I am using the MixStyle methodology for domain adaptation and it involves using a custom layer which is inserted after every encoder stage. However, it is causing VRAM to grow linearly, which causes OOM error. No memory leak occurs on disabling the layer. Any idea on why this is happening?

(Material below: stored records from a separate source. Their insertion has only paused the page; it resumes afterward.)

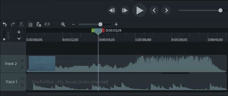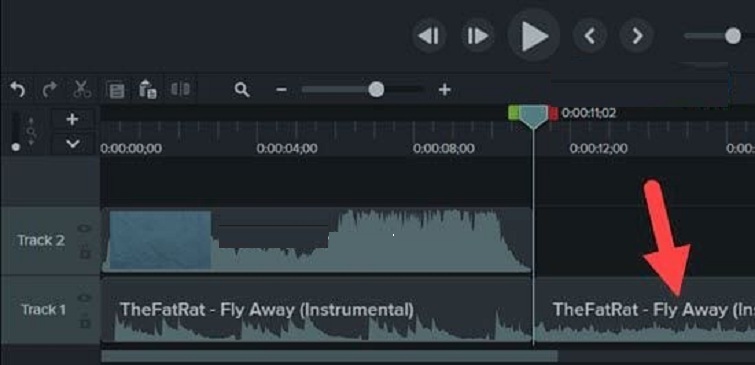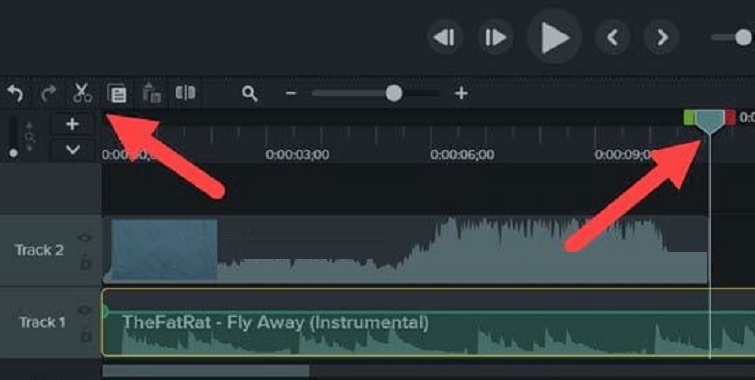Bước 8: Đến đây, bạn dóng cho 2 file bằng nhau, nếu file nhạc có thừa đi một đoạn nào thì bạn sử dụng công cụ cut để thực hiện tách 2 đoạn đó ra.
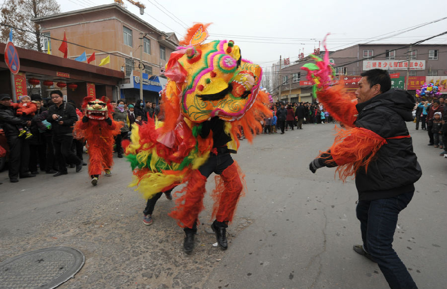 雄狮狂舞辞旧岁,金羊奋蹄报春来。2月27日(农历正月初九),麦积区棠镇主街道沿线人潮涌动、鼓乐喧天,热闹非凡,该镇2015年“金羊闹春”社火汇演活动在这里精彩上演。
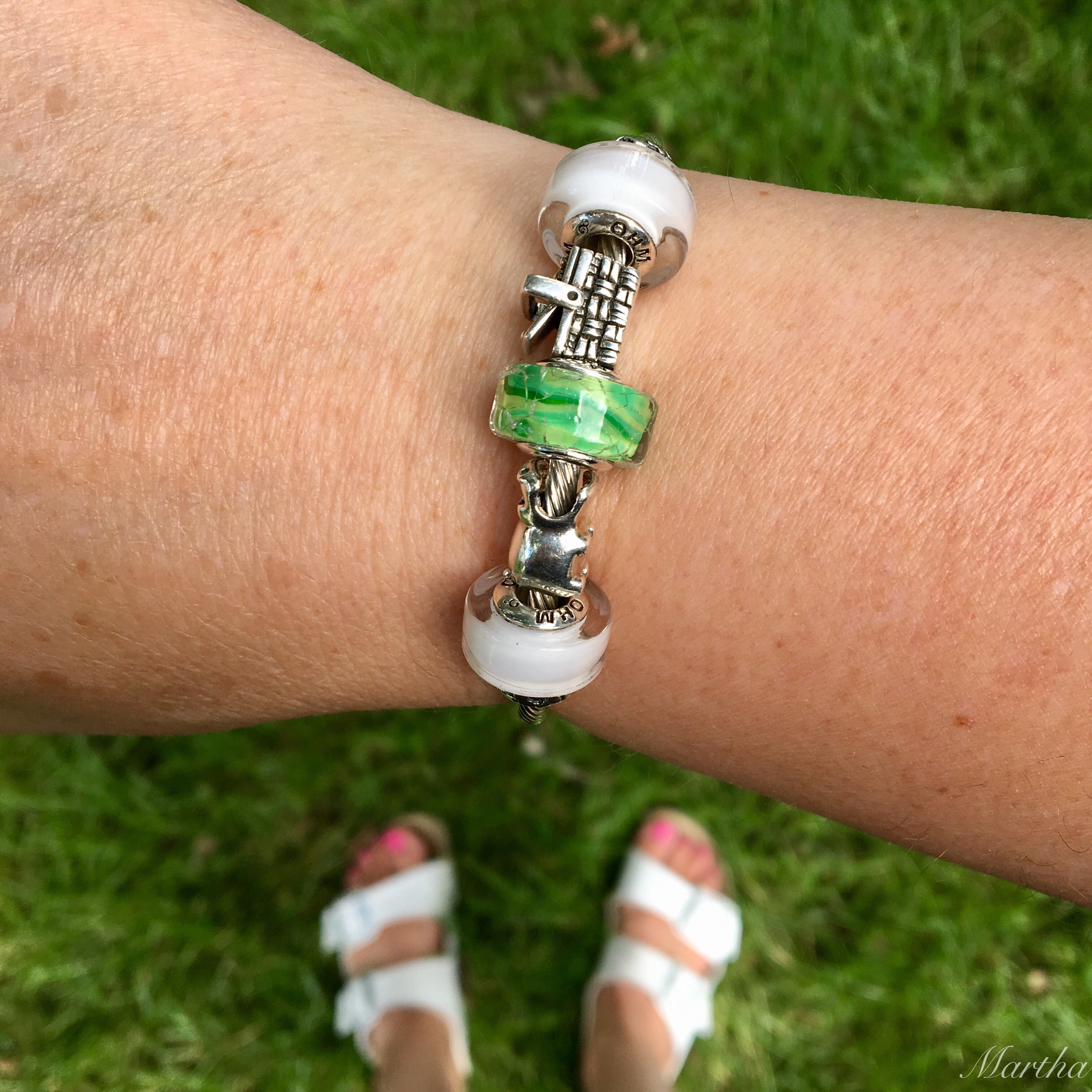 Here is a green and white bangle with Growling Hippo and Picnic Basket. Since Cold Milks are no longer available a good substitute would be True Beadz True Air Siberia.
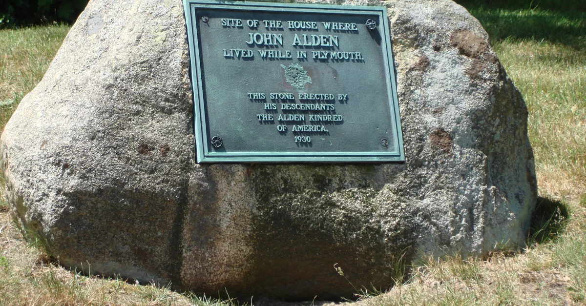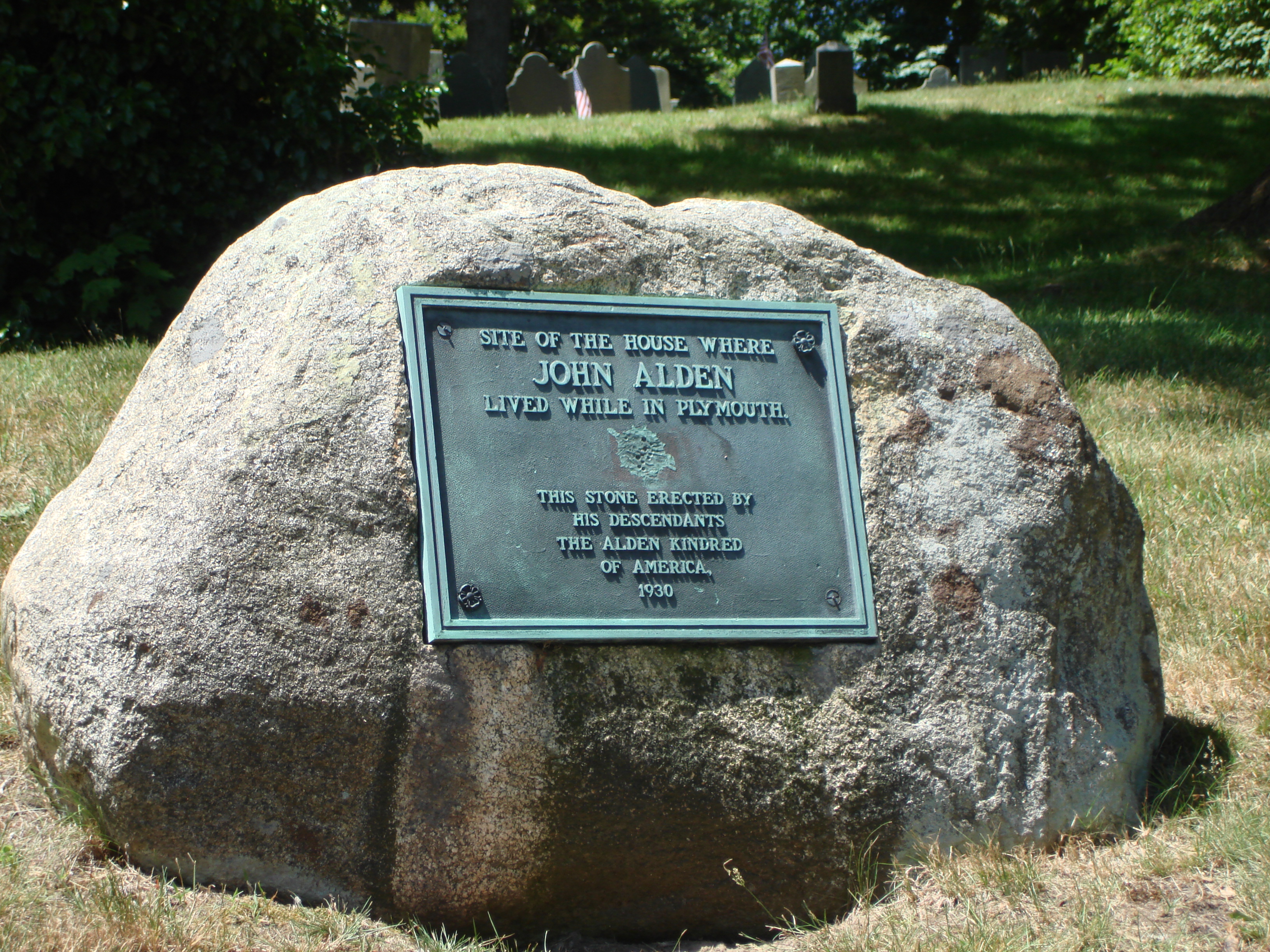 John Alden memorial stone, Plymouth, MA. John Alden (l. c. 1598-1687 CE) was a member of the crew of the Mayflower, one of the more prominent members of the Plymouth Colony, who also participated in the founding of the nearby settlement of Duxbury, Massachusetts.
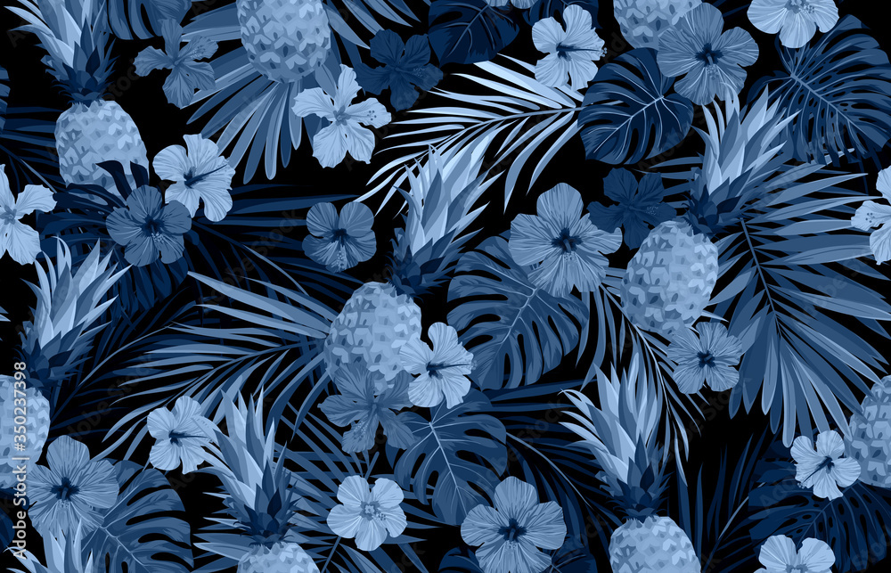Papier peint Seamless hand drawn tropical vector pattern with exotic palm leaves, hibiscus flowers, pineapples and various plants on dark background
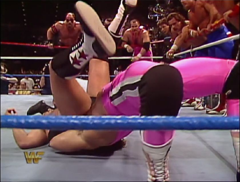 A impressionare particolarmente furono i Rockers, che nonostante la poca esperienza in WWF si dimostrarono perfettamente all’altezza, eliminando i Bolsheviks (che però erano riusciti a buttare fuori gli Young Stallions). Marty Jannetty & Shawn Michaels non arrivarono fino alla fine del match, ma non furono neanche schienati: a buttarli fuori l’arbitro Earl Hebner, che dopo una rissa incontrollata tra i due e i Brain Busters (che neanche l’intervento dell’arbitro Tim White era riuscito a sedare) decretò per entrambe le coppie una doppia squalifica. Dopo l’eliminazione dei British Bulldogs rimanevano solo i Powers of Pain da una parte, e Conquistadoros e Demolition dall’altra. Warlord e Barbarian erano ansiosi di confrontarsi con i Demolition, i loro nemici naturali: entrambi erano degli energumeni molto fisici con dei vistosi facepaint, e infatti era proprio ai Powers of Pain che Tito Santana chiese aiuto per contrastare Ax & Smash dopo l’infortunio di Rick Martel. Ma l’atteso confronto tra le due coppie prese una piega inaspettata, quando Smash nel correre sulle corde scivolò cadendo male fuori dal ring, venendo eliminato per count out. Ma non era scivolato, perché ad abbassare le corde favorendo la caduta era stato… Mr. Fuji!

This is the layer for reference -

import random
import torch
import torch.nn as nn


class MixStyle(nn.Module):
    """MixStyle.
    Reference:
      Zhou et al. Domain Generalization with MixStyle. ICLR 2021.
    """

    def __init__(self, p=0.5, alpha=0.1, eps=1e-6, mix='random'):
        """
        Args:
          p (float): probability of using MixStyle.
          alpha (float): parameter of the Beta distribution.
          eps (float): scaling parameter to avoid numerical issues.
          mix (str): how to mix.
        """
        super().__init__()
        self.p = p
        self.beta = torch.distributions.Beta(alpha, alpha)
        self.eps = eps
        self.alpha = alpha
        self.mix = mix
        self._activated = True

    def __repr__(self):
        return f'MixStyle(p={self.p}, alpha={self.alpha}, eps={self.eps}, mix={self.mix})'

    def set_activation_status(self, status=True):
        self._activated = status

    def update_mix_method(self, mix='random'):
        self.mix = mix

    def forward(self, x):
        if not self.training or not self._activated:
            return x

        if random.random() > self.p:
            return x

        B = x.size(0)

        mu = x.mean(dim=[2, 3], keepdim=True)
        var = x.var(dim=[2, 3], keepdim=True)
        sig = (var + self.eps).sqrt()
        mu, sig = mu.detach(), sig.detach()
        x_normed = (x-mu) / sig

        lmda = self.beta.sample((B, 1, 1, 1))
        lmda = lmda.to(x.device)

        if self.mix == 'random':
            # random shuffle
            perm = torch.randperm(B)

        elif self.mix == 'crossdomain':
            # split into two halves and swap the order
            perm = torch.arange(B - 1, -1, -1) # inverse index
            perm_b, perm_a = perm.chunk(2)
            perm_b = perm_b[torch.randperm(B // 2)]
            perm_a = perm_a[torch.randperm(B // 2)]
            perm = torch.cat([perm_b, perm_a], 0)

        else:
            raise NotImplementedError

        mu2, sig2 = mu[perm], sig[perm]
        mu_mix = mu*lmda + mu2 * (1-lmda)
        sig_mix = sig*lmda + sig2 * (1-lmda)

        return x_normed*sig_mix + mu_mix

@albanD @ptrblck